# Requirement
Word for word, copy the lines beginning at the one with "Автомагнитола 2 din" and ending at the last line below; pictures stay out.

# Information shown
[Start of section]

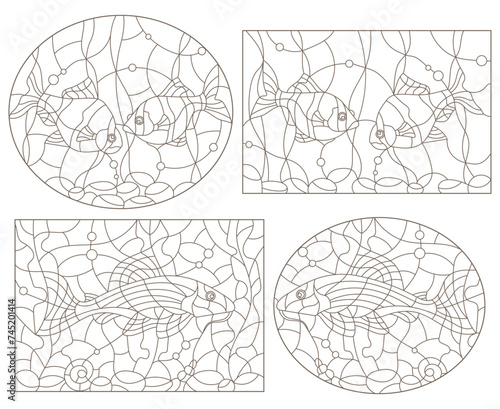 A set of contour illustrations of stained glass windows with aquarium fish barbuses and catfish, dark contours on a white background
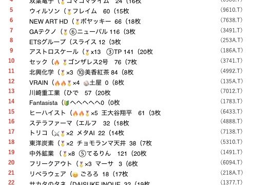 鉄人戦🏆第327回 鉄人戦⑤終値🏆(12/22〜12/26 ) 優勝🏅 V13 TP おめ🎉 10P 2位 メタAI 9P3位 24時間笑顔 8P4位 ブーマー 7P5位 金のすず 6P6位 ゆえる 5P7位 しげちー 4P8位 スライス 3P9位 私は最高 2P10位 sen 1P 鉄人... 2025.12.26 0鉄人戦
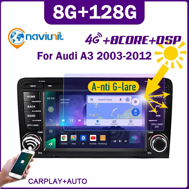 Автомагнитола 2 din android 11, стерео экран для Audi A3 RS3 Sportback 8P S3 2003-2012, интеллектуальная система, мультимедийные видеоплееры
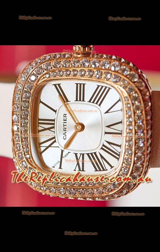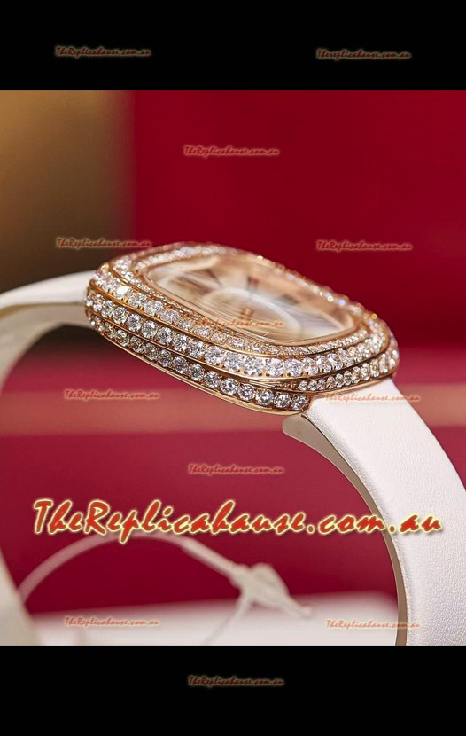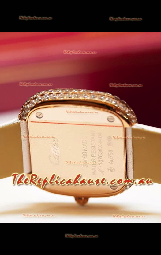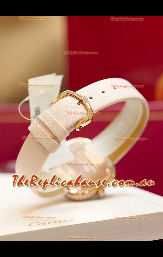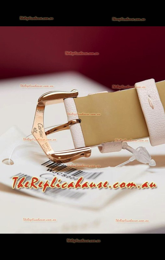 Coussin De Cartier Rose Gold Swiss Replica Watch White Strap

[End of section]

# Output of the task
 Автомагнитола 2 din android 11, стерео экран для Audi A3 RS3 Sportback 8P S3 2003-2012, интеллектуальная система, мультимедийные видеоплееры
 Coussin De Cartier Rose Gold Swiss Replica Watch White Strap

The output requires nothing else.